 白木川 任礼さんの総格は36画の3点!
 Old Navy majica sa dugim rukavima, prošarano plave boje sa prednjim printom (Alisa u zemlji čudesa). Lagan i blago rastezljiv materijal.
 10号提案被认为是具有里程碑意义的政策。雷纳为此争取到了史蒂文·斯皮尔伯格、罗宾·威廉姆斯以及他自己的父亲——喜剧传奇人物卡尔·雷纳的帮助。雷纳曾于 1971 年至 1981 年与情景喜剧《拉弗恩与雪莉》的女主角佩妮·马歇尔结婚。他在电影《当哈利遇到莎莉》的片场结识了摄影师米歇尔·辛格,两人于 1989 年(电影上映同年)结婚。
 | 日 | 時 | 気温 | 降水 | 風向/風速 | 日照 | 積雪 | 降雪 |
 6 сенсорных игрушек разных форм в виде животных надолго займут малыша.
——
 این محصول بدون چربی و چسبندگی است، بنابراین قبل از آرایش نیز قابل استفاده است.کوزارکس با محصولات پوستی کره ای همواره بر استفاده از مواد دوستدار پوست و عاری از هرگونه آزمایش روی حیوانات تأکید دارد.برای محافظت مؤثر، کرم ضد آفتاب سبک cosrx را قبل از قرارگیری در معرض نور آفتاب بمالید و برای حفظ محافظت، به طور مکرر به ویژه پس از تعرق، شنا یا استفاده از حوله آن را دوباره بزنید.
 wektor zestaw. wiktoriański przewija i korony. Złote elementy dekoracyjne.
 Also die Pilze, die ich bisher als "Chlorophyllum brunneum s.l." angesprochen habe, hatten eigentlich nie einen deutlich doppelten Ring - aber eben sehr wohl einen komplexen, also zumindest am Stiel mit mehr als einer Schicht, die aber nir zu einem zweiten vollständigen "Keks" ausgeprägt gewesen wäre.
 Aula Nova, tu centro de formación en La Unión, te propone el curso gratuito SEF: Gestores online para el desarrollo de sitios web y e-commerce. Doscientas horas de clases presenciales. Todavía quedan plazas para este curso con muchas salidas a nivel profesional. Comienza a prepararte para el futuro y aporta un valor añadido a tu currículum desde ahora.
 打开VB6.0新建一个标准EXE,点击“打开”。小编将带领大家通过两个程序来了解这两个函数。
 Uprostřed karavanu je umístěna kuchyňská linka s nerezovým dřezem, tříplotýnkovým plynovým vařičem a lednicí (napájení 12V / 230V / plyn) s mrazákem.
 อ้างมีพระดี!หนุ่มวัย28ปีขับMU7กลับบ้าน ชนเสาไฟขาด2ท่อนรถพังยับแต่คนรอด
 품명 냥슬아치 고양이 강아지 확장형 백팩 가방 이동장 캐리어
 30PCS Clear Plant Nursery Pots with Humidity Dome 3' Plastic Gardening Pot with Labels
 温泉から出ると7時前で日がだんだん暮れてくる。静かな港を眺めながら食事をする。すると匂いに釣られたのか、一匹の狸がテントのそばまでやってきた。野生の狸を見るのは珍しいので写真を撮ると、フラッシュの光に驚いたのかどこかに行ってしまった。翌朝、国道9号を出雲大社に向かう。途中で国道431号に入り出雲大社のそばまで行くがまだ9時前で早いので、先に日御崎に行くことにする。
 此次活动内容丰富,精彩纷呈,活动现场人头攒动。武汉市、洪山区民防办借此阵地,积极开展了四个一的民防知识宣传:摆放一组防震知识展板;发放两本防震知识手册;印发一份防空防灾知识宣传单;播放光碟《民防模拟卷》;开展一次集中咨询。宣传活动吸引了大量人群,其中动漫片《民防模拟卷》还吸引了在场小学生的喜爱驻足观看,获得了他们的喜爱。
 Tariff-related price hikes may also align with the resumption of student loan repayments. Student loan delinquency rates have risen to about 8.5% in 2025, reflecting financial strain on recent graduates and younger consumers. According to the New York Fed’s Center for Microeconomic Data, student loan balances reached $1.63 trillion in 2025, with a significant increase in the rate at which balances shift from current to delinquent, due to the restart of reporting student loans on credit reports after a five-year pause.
——
WHAT YOU HAVE TO DO - Could you restate word for word the lines above, from the one that contains "30PCS Clear Plant" through the one that contains "Tariff-related price hikes", and no others?

RESULT -
 30PCS Clear Plant Nursery Pots with Humidity Dome 3' Plastic Gardening Pot with Labels
 温泉から出ると7時前で日がだんだん暮れてくる。静かな港を眺めながら食事をする。すると匂いに釣られたのか、一匹の狸がテントのそばまでやってきた。野生の狸を見るのは珍しいので写真を撮ると、フラッシュの光に驚いたのかどこかに行ってしまった。翌朝、国道9号を出雲大社に向かう。途中で国道431号に入り出雲大社のそばまで行くがまだ9時前で早いので、先に日御崎に行くことにする。
 此次活动内容丰富,精彩纷呈,活动现场人头攒动。武汉市、洪山区民防办借此阵地,积极开展了四个一的民防知识宣传:摆放一组防震知识展板;发放两本防震知识手册;印发一份防空防灾知识宣传单;播放光碟《民防模拟卷》;开展一次集中咨询。宣传活动吸引了大量人群,其中动漫片《民防模拟卷》还吸引了在场小学生的喜爱驻足观看,获得了他们的喜爱。
 Tariff-related price hikes may also align with the resumption of student loan repayments. Student loan delinquency rates have risen to about 8.5% in 2025, reflecting financial strain on recent graduates and younger consumers. According to the New York Fed’s Center for Microeconomic Data, student loan balances reached $1.63 trillion in 2025, with a significant increase in the rate at which balances shift from current to delinquent, due to the restart of reporting student loans on credit reports after a five-year pause.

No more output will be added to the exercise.